DATA EXTRACTS
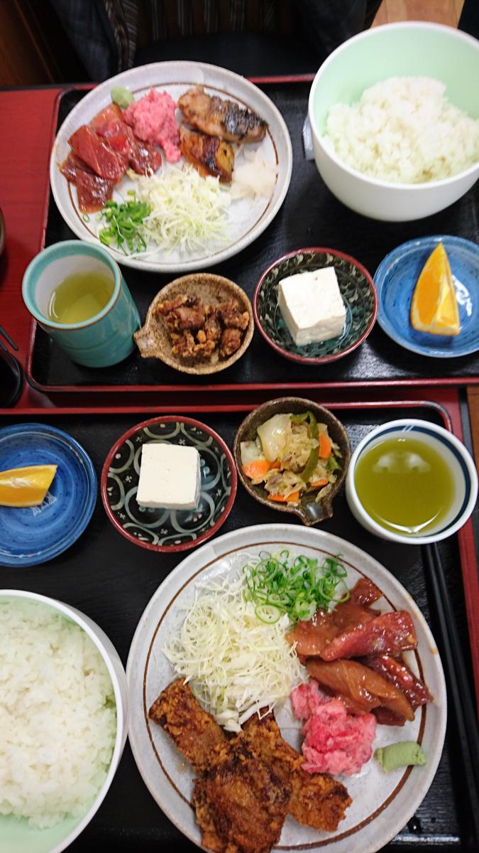下(手前)がカリタチョイス、ネギトロとづけ、マグロの竜田揚げの定食。
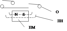 Работа электромагнитных телефонов основана на взаимодействии магнитных потоков, создаваемых постоянным магнитом и электромагнитом телефона, воздействующих на мембрану телефона. Основными частями ЭМ-телефона являются мембрана М, электромагнит, содержащий две полюсные надставки ПН с обмотками О, постоянный магнит ПМ. Все детали помещены в пластмассовый корпус, закрытый крышками с отверстиями. Мембрана удерживается силой постоянного магнита и дополнительно зажимается по краю крышкой.
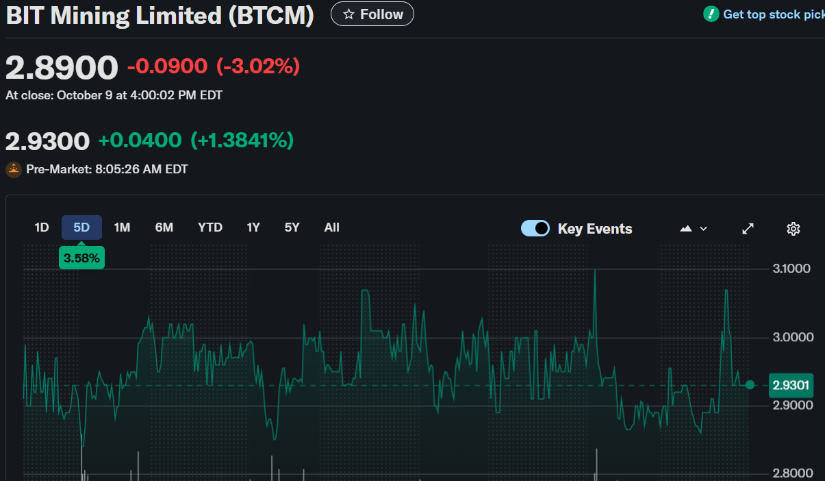 BIT Mining Limited (NYSE: BTCM) reported a 3.02% drop on October 9, closing at $2.89. However, the stock reversed direction in pre-market trading, climbing 2.08% to $2.95. This movement coincided with a major company announcement regarding its corporate identity and market positioning.
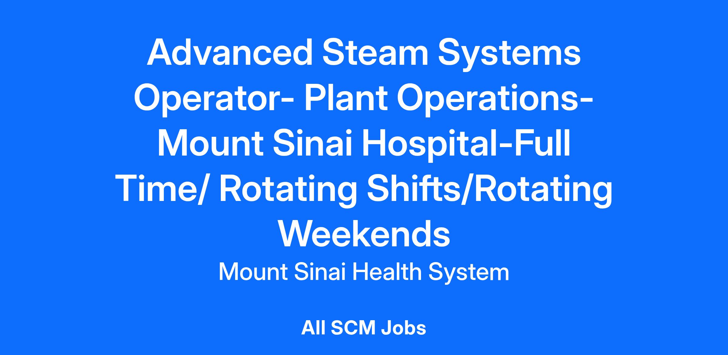 DescriptionAdvanced Steam Systems Operator-Mount Sinai Hospital
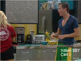 Ragan comes in from working out and tells Britney (in a manly man voice)...
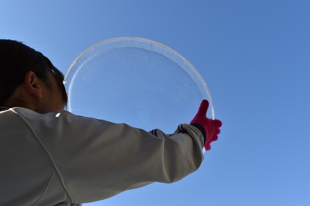 「こおりができたよー」「ぶあついね!」
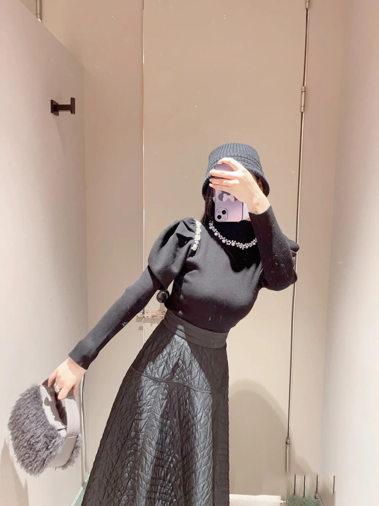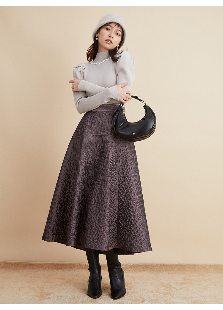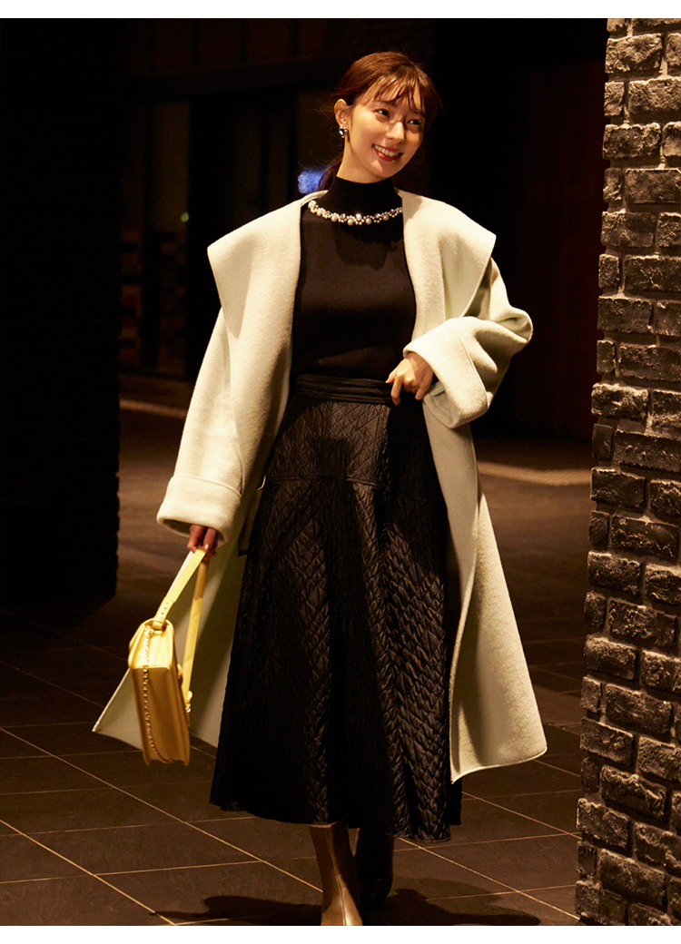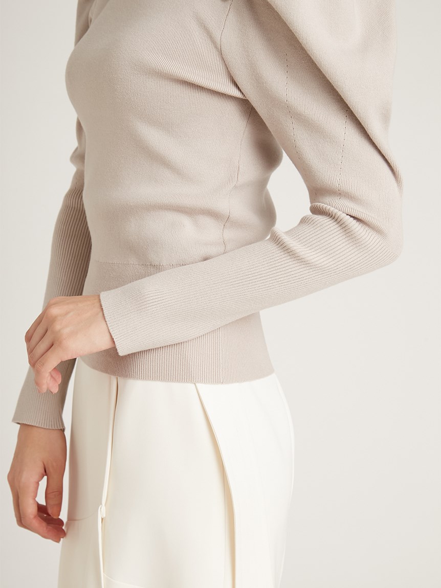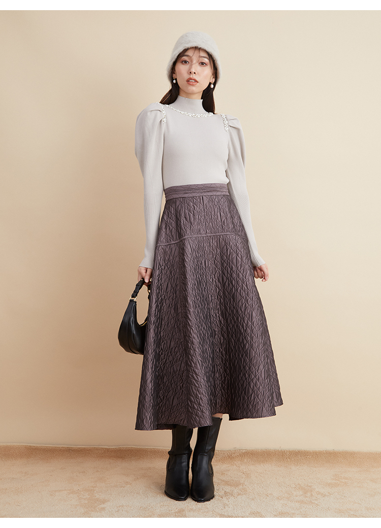 ふんだんにあしらわれたパールやビジューの装飾が目を引く、華やかなニットプルオーバー。敢えてビジューを派手に施すことで、どこか懐かしさを感じさせる今っぽい雰囲気を演出しました。たっぷりとタックを効かせた構築的なフォルムのボリュームスリーブがモードなアクセントに。身頃部分はタイトなシルエットなのでパンツともスカートとも合わせやすく、幅広いコーディネートに活躍してくれます。
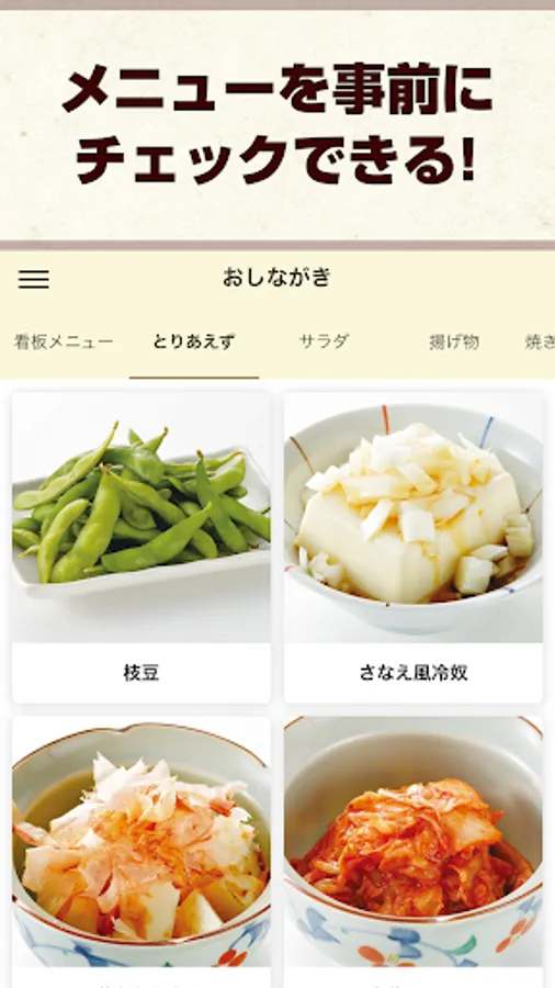 This is the official app of "Sanaenchi", a izakaya in Aiko, Atsugi City, Kanagawa Prefecture.
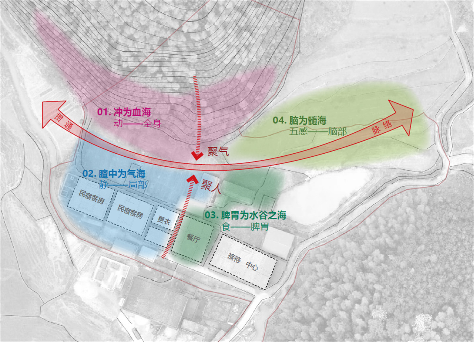 After conducting a field survey of the site, we believe that Jintang Hot Spring’s has high-quality medical value. On the one hand, It can give people physiological "treatment"; on the other hand, the ecological and rural environment of the site can give people a mental “treatment”. Therefore, the design should also conform to the feeling of "healthy and natural". And we compare the site traffic streamlines to the veins of the human body, and apply the concept of "Sihai" in Chinese medicine to the layout of zoning activities.
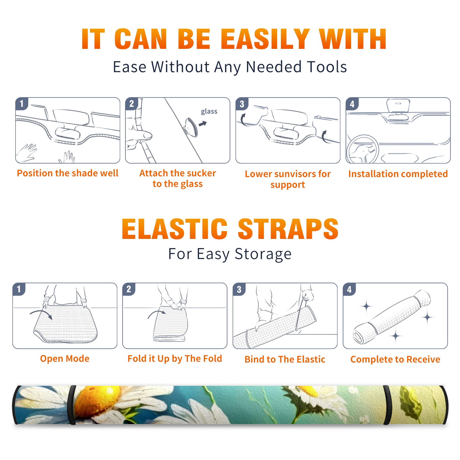 Diameter /Size 63"L x 33.5"W</b><br> Made from excellent materials which makes it sturdy and protects the car from the sun. Easy to use and pack. Makes the interior of the car cooler.You can easily stash the sunshade in the storage bag or store long term.It open and closes easy. Also the leather storage bag is durable and easy to put the umbrella back into.This windshield sunshade provides complete coverage and keeps your car interior cool under direct sun. It is easy to open and position under the windshield and around the rear-view mirror. Makes Your Car Easy To Identify, Perfect For Finding Your Car In Crowded Parking Lots And Garages.Great Choice: It Is A Great Gift For Dad, Boyfriend, Brother, Brother And Uncle, Friends, Classmates, Family And So On.<br> Notice:</b><br> Due To Difference Computer Monitors, The Color Maybe Slightly Different From Picture. As Different Measurement Methods, Measurement Data Will Float Within 2%.I Hope You Understand.<br> If You Have Any Question About The Item Please Do Not Hesitate To Contact Us Immediately And We Will Give You A Satisfactory Reply Within 24 Hours.
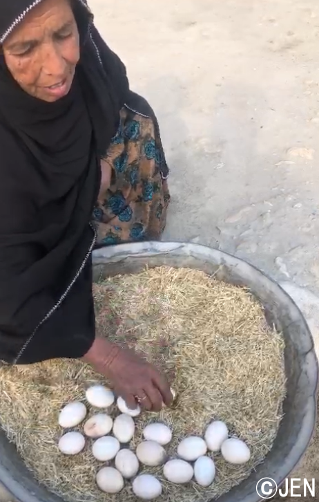 写真の女性は時間と体力に余裕ができ、養鶏で少しずつ収入を得られるようになりました。
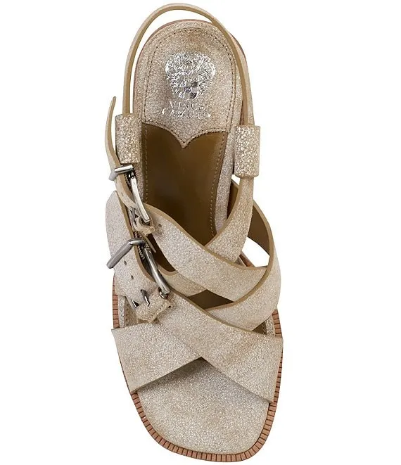 From Vince Camuto, the Penina Suede Buckle Sandals feature:
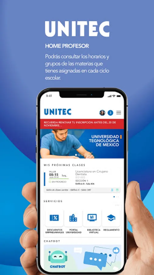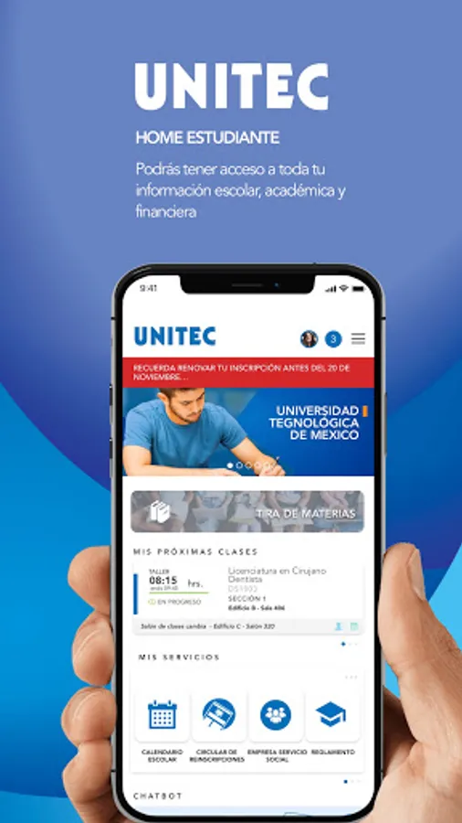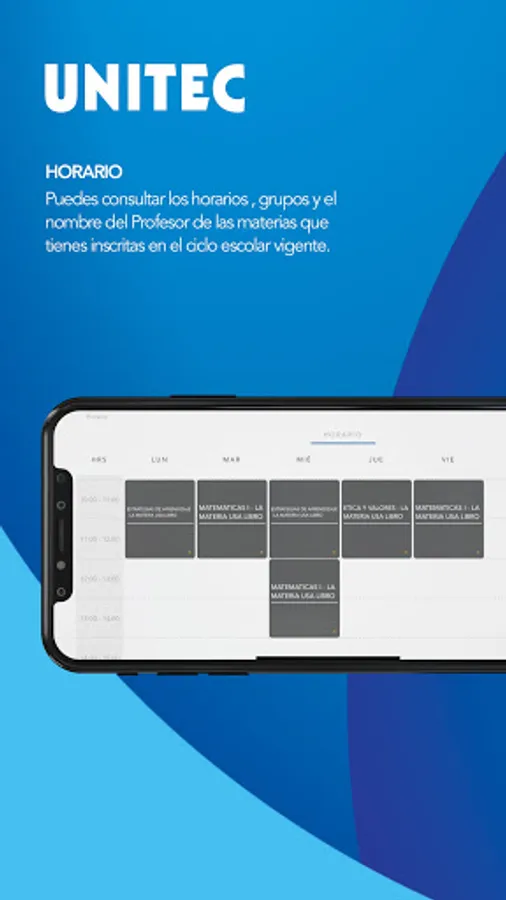 mobile solution that will allow students enrolled in any of the curricula offered by UNITEC, consult all their school and academic information; as well as news and events of the University.

AIM OF THE TASK
Print each entry above verbatim, pictures left out.

ANSWER FOR THIS EXERCISE
下(手前)がカリタチョイス、ネギトロとづけ、マグロの竜田揚げの定食。
 Работа электромагнитных телефонов основана на взаимодействии магнитных потоков, создаваемых постоянным магнитом и электромагнитом телефона, воздействующих на мембрану телефона. Основными частями ЭМ-телефона являются мембрана М, электромагнит, содержащий две полюсные надставки ПН с обмотками О, постоянный магнит ПМ. Все детали помещены в пластмассовый корпус, закрытый крышками с отверстиями. Мембрана удерживается силой постоянного магнита и дополнительно зажимается по краю крышкой.
 BIT Mining Limited (NYSE: BTCM) reported a 3.02% drop on October 9, closing at $2.89. However, the stock reversed direction in pre-market trading, climbing 2.08% to $2.95. This movement coincided with a major company announcement regarding its corporate identity and market positioning.
 DescriptionAdvanced Steam Systems Operator-Mount Sinai Hospital
 Ragan comes in from working out and tells Britney (in a manly man voice)...
 「こおりができたよー」「ぶあついね!」
 ふんだんにあしらわれたパールやビジューの装飾が目を引く、華やかなニットプルオーバー。敢えてビジューを派手に施すことで、どこか懐かしさを感じさせる今っぽい雰囲気を演出しました。たっぷりとタックを効かせた構築的なフォルムのボリュームスリーブがモードなアクセントに。身頃部分はタイトなシルエットなのでパンツともスカートとも合わせやすく、幅広いコーディネートに活躍してくれます。
 This is the official app of "Sanaenchi", a izakaya in Aiko, Atsugi City, Kanagawa Prefecture.
 After conducting a field survey of the site, we believe that Jintang Hot Spring’s has high-quality medical value. On the one hand, It can give people physiological "treatment"; on the other hand, the ecological and rural environment of the site can give people a mental “treatment”. Therefore, the design should also conform to the feeling of "healthy and natural". And we compare the site traffic streamlines to the veins of the human body, and apply the concept of "Sihai" in Chinese medicine to the layout of zoning activities.
 Diameter /Size 63"L x 33.5"W</b><br> Made from excellent materials which makes it sturdy and protects the car from the sun. Easy to use and pack. Makes the interior of the car cooler.You can easily stash the sunshade in the storage bag or store long term.It open and closes easy. Also the leather storage bag is durable and easy to put the umbrella back into.This windshield sunshade provides complete coverage and keeps your car interior cool under direct sun. It is easy to open and position under the windshield and around the rear-view mirror. Makes Your Car Easy To Identify, Perfect For Finding Your Car In Crowded Parking Lots And Garages.Great Choice: It Is A Great Gift For Dad, Boyfriend, Brother, Brother And Uncle, Friends, Classmates, Family And So On.<br> Notice:</b><br> Due To Difference Computer Monitors, The Color Maybe Slightly Different From Picture. As Different Measurement Methods, Measurement Data Will Float Within 2%.I Hope You Understand.<br> If You Have Any Question About The Item Please Do Not Hesitate To Contact Us Immediately And We Will Give You A Satisfactory Reply Within 24 Hours.
 写真の女性は時間と体力に余裕ができ、養鶏で少しずつ収入を得られるようになりました。
 From Vince Camuto, the Penina Suede Buckle Sandals feature:
 mobile solution that will allow students enrolled in any of the curricula offered by UNITEC, consult all their school and academic information; as well as news and events of the University.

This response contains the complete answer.